Five things to improve

  • Choose some side streets for rowhouses. Other than on Buell Avenue, the plan does not call for allowing missing middle housing types like rowhouses on any side streets. We’ve previously argued rowhouses are an underappreciated and underused housing form in Austin, and CodeNEXT should allow more of them. But over and over again, our planning processes shy away from this awesome type of home. There are plenty of larger neighborhood streets in North Shoal Creek that would be appropriate for rowhouses. The plan leaves the impression that the only reason townhouses would be allowed on Buell is that the neighborhood likes the current light industrial businesses even less than they like rowhouses.

    Rowhouses are a residential type of building and, as such, they belong every bit as much in residential-only areas as areas of mixed use.
  • Multiplexes or small apartments on corner lots. Similarly, other missing middle housing types like multiplexes, small apartments, or cottage courts, are not placed in the “Residential Core,” even on large corner lots. Large corner lots are the perfect place to allow this kind of missing middle.

    This fourplex is one of the last standing of a formerly common missing middle housing type in residential Austin.
  • Sanctity of the “Residential Core.” Let’s talk more about that “Residential Core” phrase. As we note above, the plan acknowledges that the majority of residents live not in the interior of the neighborhood in single family homes, but in apartments on the edges of the neighborhood. Thus, calling the single family section of the neighborhood residential as compared to the corridors is a kind of double speak. Literally, more residents live outside the area termed “residential” in this plan! Based on the plan’s constraints, that pattern will become even more pronounced! Why does this terminology matter? Many other aspects of the plan focus strictly on the “Residential Core.” Three of the six bullet points regarding the goals of the Neighborhood Transition area focus not on making the zone great for its residents but on how not to encroach on the privacy of single family homes. The poorer majority residents are treated as interlopers on the richer minority. In fact, it’s not even clear that the existing apartments in the Neighborhood Transition lots would fit the constraints of the plan.
  • Vision for connectivity/reconnecting streets. Residents in North Shoal Creek have asked for a more walkable neighborhood and for better access to transit stops. One way to make this area, designed with meandering streets and suburban cul-de-sacs, more walkable would be to designate opportunities to acquire lots and reconnect streets separating people from one another. While the plan considers this for connecting homes to retail via urban trails, there are no such connections proposed in the “Residential Core.”
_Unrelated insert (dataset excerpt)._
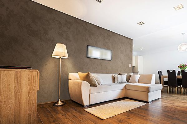 客餐厅开放,地面采用相同颜色的木地面,使整体空间更加开放,客厅连接阳台,照明面大,使室内透明明亮,客厅放置一盆绿色植物,也能发挥很好的装饰作用。

    Google Maps recommends a 17 minute walk along a freeway to walk between these backyard neighbors.
  • Tying desired neighborhood amenities (sidewalks, parks) to opportunities for density. There are many ambitious, desirable aspects of the plan that are unfunded mandates. These unfunded plans include building out the sidewalk network, adding urban trails, developing more parkland, and creating the Shoal Creek trail. The plan acknowledges the challenges of getting funding to make these a reality. But other neighborhoods where these improvements have actually taken place (like Bizarro Austin) have done more than make a wishlist and hope. They created incentives for redevelopment to happen and required developers to fund improvements to the public sphere as part of that redevelopment.

In some ways, the North Shoal Creek draft plan lives up to its kinder, gentler billing. It recognizes the real problems the neighborhood has: from families being priced out to unwalkability impinging on quality of life. The plan promotes the two main fixes we’ve also seen coming out of the latest draft of CodeNEXT: accessory dwelling units and apartment homes on transit corridors. Let us acknowledge that many of Austin’s older neighborhood plans don’t go even this far. However, to truly confront the problems the plan identifies, broader changes are needed, including in areas where the minority of neighborhood residents live. By opening up to a bit more change, some of the truly visionary elements of the plan could be funded and constructed.